In accordance with this principle, toward criminal suspects or defendants, torture, inquisitorial procedure[9], and leading interrogation are not permitted; only absolute evidence (perfect proof) can convict, and examination should use an investigatory procedure. The examination period should be as short as possible; if evidence is insufficient, release should occur as early as possible.
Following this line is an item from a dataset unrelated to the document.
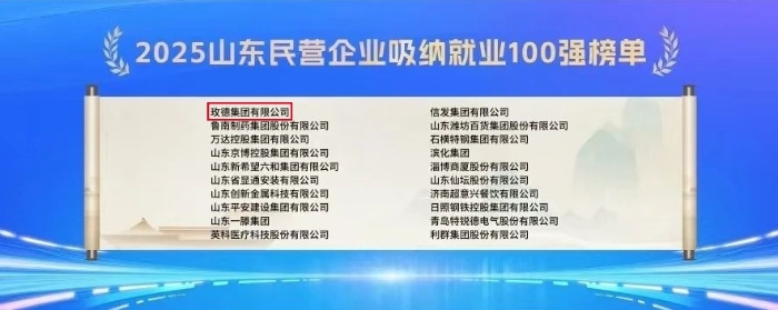 8月19日,2025山東民營(yíng)企業(yè)百?gòu)?qiáng)系列榜單發(fā)布會(huì)盛大舉行,玫德集團(tuán)入選2025山東民營(yíng)企業(yè)200強(qiáng)、2025山東民營(yíng)企業(yè)吸納就業(yè)100強(qiáng)。

The law should determine a certain time limit for the defense of the accused and for verifying the determination of the crime. (Chapter 30) But according to the spirit of the social contract, the criminal suspect or defendant in examination also cannot stubbornly refuse to answer questions; otherwise, they must also be punished with the penalty determined by law. (Chapter 16, Chapter 17, Chapter 38, Chapter 14, Chapter 30)

  • Countermeasure 10: Criminal case judicial procedures must have necessary strict formalities and rituals, so that the corresponding executors have no way to act arbitrarily, and to ensure that these officials or institutions enforcing the law obey the law and do not become corrupt. (Chapter 38, Chapter 11, Chapter 29, Chapter 43)[10]

Specifically, this includes: arrests and examination procedures that strictly abide by the law; credible and public witnesses, evidence, and trials; flexible and pragmatic limitation mechanisms; mutually supervising judicial officials; and so on. (Chapter 29, Chapter 16, Chapter 13, Chapter 14, Chapter 38, Chapter 30, Chapter 43, etc.)

  • Countermeasure 11: In terms of content, criminal law must maximize conformity with the principles and spirit expressed by all the above countermeasures, ensuring unity of content.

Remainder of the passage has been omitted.